Project description:Background:Violence and other adversities commonly co-occur, yet are usually investigated individually. The primary objectives of this paper are to investigate: (i) the relationship between maternal exposure to violence (including childhood abuse and intimate partner violence) and postpartum mental and physical health; and (ii) the extent to which exposure to violence and poor maternal mental and physical health are associated with children's emotional-behavioral difficulties. Methods:Prospective pregnancy cohort (n?=?1507) followed up to 4?year postpartum. Validated measures used: Composite Abuse Scale; Edinburgh Postnatal Depression Scale, SF-36, Child Maltreatment History Self Report; Strengths and Difficulties Questionnaire. Logistic regression was used to investigate associations between maternal childhood abuse, intimate partner violence (IPV), maternal health and child emotional and behavioral difficulties at age 4. Outcomes:Two out of five women (41%) reported abuse in childhood, and almost one in three (29%) reported IPV during the first four years of motherhood. Women reporting both physical and sexual childhood abuse had markedly raised odds of IPV and poor physical and mental health at all time points (pregnancy, first year postpartum and four year postpartum). For the index child, violence exposures (maternal childhood abuse or IPV) and poor maternal physical or mental health were associated with higher odds of emotional/behavioral difficulties at age four.

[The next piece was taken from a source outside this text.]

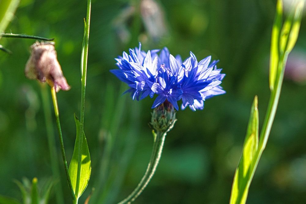 Blue cornflower in a cornfield. A splash of colour in agriculture.

In multivariable models (adjusted for child gender and maternal age), cumulative exposures (multiple violence exposures or poor maternal mental or physical health at multiple time points) each independently added to increased odds of emotional-behavioral difficulties. Children of mothers who reported a history of childhood abuse but were not exposed to IPV had odds of difficulties similar to children of mothers not reporting any violence exposure, suggesting resilient outcomes where violence experiences are not repeated in the next generation. Interpretation:The clustering of risk (child and adult violence experiences) and the accumulation of risk within families (IPV, poor maternal health, child difficulties) highlight the need for effective early intervention to limit or ameliorate the impact of violence across the lifespan, and to break the intergenerational cycle of disadvantage.